O público-alvo do nosso projeto é quem mora na zona rural, que muitas vezes não é o dono da plantação e sim o trabalhador. Por isso, a solução do filtro precisava ser de baixo custo, reforça o professor.
Testando a remoção de agrotóxicos
Os materiais custaram em torno de R$ 25, sem contar a mão de obra para colher e quebrar a macaúba. Mas o trabalho não acabou aí. “Depois de construir o protótipo, a gente precisava testar se era eficiente em reter o glifosato. Compramos a substância, mas a escola não tem recursos para o teste laboratorial. Só havia um laboratório para esse serviço na cidade, custava entre 400 e 500 reais e o resultado demorou a ficar pronto”, relembra.
O próprio professor arcou com o valor do teste e seguiu em frente. No entanto, essas análises foram inconclusivas, pois as máquinas são calibradas para a concentração que é permitida em legislação, de 500 microgramas por litro. “Isso é menos que um grânulo de areia em um litro de água, e a nossa amostra tinha uma colher de glifosato por litro. Foi aí que precisamos de ajuda externa para chegar em uma concentração que fosse possível testar nos laboratórios”, completa.
O professor Henrique Pereira, que na época tinha acabado de começar um curso de mestrado, pediu ajuda de um professor de nível superior em Química para calcular os parâmetros dos produtos. Assim, as estudantes conseguiram produzir amostras com a concentração mais adequada de glifosato e de nitrato para enviar a outro laboratório fora da cidade.
Os resultados deste novo teste variaram de acordo com as amostras.

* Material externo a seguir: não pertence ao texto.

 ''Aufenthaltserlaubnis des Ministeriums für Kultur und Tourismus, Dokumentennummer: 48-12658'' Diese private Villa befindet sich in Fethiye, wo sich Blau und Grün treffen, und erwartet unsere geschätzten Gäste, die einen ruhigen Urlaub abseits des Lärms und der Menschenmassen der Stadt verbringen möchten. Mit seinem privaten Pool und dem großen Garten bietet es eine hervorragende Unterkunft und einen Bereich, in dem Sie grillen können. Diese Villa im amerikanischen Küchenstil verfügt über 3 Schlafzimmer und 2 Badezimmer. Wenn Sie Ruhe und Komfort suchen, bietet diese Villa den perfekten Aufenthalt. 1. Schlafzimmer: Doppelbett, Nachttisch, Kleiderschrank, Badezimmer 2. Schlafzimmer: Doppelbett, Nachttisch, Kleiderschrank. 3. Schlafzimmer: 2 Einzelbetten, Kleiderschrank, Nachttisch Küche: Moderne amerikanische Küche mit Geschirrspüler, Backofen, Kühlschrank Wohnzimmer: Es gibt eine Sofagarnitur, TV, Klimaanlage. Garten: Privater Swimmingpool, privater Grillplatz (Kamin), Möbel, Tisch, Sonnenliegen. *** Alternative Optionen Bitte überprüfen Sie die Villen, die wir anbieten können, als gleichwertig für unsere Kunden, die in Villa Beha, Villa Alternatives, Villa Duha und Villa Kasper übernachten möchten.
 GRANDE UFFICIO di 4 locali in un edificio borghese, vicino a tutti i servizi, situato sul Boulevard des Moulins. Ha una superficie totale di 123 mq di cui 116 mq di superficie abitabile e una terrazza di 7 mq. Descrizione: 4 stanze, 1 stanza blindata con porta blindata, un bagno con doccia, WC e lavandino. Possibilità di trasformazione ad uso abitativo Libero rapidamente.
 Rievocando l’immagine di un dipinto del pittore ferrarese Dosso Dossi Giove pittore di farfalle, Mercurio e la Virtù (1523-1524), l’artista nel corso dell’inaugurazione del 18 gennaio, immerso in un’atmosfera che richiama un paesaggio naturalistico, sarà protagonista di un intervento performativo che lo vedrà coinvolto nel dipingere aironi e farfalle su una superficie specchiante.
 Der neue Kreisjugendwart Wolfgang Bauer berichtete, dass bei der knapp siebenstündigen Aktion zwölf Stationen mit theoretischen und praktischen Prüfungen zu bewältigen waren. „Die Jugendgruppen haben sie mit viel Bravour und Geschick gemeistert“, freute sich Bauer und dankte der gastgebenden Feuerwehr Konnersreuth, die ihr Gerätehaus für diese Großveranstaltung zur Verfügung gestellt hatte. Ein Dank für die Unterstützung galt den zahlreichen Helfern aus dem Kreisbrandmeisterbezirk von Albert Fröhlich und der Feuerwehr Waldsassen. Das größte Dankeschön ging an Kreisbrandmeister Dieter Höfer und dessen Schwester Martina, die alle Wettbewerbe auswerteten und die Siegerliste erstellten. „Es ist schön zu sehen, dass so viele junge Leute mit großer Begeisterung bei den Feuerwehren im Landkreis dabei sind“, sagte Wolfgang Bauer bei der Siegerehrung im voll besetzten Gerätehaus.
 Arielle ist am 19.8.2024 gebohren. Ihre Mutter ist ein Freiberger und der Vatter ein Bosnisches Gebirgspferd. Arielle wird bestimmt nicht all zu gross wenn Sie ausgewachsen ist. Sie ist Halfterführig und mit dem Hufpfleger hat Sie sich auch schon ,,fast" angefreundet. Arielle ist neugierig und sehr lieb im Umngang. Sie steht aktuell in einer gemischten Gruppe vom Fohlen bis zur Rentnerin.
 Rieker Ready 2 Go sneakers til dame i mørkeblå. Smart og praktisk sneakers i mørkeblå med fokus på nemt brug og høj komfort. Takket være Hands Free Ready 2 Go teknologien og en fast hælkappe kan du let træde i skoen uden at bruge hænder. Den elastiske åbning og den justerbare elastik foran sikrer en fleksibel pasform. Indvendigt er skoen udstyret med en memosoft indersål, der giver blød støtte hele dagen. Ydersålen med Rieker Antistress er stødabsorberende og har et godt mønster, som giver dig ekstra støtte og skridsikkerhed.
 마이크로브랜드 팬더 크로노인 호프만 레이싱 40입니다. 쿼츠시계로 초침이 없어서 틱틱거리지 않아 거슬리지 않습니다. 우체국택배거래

Os números mais próximos da realidade mostraram redução de 18% do nitrato e 6% do glifosato após a filtragem com carvão vegetal de macaúba.
Ciência que transforma vidas
O educador relata que trabalhar com projetos científicos para estudantes do ensino médio é mais desafiador, mas vale a pena. No caso do “Macafiltro”, o contato com a metodologia científica aumentou o rendimento escolar e o interesse da equipe pelos estudos. Atualmente, as três meninas que desenvolveram o projeto estão cursando faculdades na área que sonharam. Uma delas pegou gosto pela ciência e ingressou no curso de Engenharia Química, determinada a mudar o rumo da história de sua própria família por meio do conhecimento. “Essa estudante veio de uma realidade familiar muito difícil. Com o Solve for Tomorrow, pela primeira vez na vida, viu que a dedicação na escola poderia proporcionar coisas novas”, relata o professor.